BEGIN EXTRACTED RECORDS

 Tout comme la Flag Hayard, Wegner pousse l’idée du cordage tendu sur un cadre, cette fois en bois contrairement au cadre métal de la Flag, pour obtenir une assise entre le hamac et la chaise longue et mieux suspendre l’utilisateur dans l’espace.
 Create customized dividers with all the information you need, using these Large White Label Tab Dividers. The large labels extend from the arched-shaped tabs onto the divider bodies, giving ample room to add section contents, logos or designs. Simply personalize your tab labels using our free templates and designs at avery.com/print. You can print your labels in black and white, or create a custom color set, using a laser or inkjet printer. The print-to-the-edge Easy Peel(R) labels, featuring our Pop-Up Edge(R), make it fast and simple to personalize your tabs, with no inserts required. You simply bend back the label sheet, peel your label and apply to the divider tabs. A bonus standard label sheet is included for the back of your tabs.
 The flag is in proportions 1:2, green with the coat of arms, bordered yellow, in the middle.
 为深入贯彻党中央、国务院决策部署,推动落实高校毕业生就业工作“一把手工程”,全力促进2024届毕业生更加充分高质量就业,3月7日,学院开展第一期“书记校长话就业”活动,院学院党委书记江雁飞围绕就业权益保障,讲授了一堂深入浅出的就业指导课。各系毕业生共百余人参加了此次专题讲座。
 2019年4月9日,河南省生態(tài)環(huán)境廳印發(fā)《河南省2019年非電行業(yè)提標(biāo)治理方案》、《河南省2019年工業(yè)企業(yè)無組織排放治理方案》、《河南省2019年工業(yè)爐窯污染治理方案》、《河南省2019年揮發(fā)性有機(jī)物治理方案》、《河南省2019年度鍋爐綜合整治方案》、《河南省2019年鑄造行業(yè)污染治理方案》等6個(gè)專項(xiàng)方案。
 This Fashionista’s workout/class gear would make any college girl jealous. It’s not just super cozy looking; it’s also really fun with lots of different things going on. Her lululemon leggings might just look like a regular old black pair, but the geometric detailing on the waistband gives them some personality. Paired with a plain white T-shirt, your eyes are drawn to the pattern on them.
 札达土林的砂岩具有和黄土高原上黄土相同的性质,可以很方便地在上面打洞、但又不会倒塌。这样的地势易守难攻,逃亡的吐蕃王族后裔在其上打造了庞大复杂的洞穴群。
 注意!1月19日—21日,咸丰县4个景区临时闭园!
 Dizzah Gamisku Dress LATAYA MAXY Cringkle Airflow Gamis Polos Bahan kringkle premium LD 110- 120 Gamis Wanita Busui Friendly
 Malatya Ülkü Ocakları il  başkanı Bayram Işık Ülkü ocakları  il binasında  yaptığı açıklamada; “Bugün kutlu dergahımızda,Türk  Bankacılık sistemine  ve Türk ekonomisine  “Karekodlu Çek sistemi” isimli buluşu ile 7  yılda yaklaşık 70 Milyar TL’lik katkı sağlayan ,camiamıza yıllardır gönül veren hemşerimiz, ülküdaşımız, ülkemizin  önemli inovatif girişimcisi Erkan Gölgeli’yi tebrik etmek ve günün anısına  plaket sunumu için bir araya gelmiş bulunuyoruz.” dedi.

END EXTRACTED RECORDS
BEGIN EXTRACTED RECORDS

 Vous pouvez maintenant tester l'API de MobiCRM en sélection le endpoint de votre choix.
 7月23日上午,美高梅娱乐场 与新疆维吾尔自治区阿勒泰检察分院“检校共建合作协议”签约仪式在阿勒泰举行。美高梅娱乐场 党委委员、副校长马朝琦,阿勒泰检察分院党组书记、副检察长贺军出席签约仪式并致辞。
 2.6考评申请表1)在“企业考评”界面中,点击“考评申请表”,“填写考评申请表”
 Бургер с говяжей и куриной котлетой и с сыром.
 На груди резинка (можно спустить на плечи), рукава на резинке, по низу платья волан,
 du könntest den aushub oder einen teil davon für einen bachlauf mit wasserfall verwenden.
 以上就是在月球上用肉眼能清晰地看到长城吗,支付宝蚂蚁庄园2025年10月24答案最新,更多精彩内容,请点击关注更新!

END EXTRACTED RECORDS

**WHAT THE TASK REQUIRES:** Lines in the data that include the word "white" should all be copied.

**YOUR SOLUTION:**
 Create customized dividers with all the information you need, using these Large White Label Tab Dividers. The large labels extend from the arched-shaped tabs onto the divider bodies, giving ample room to add section contents, logos or designs. Simply personalize your tab labels using our free templates and designs at avery.com/print. You can print your labels in black and white, or create a custom color set, using a laser or inkjet printer. The print-to-the-edge Easy Peel(R) labels, featuring our Pop-Up Edge(R), make it fast and simple to personalize your tabs, with no inserts required. You simply bend back the label sheet, peel your label and apply to the divider tabs. A bonus standard label sheet is included for the back of your tabs.
 This Fashionista’s workout/class gear would make any college girl jealous. It’s not just super cozy looking; it’s also really fun with lots of different things going on. Her lululemon leggings might just look like a regular old black pair, but the geometric detailing on the waistband gives them some personality. Paired with a plain white T-shirt, your eyes are drawn to the pattern on them.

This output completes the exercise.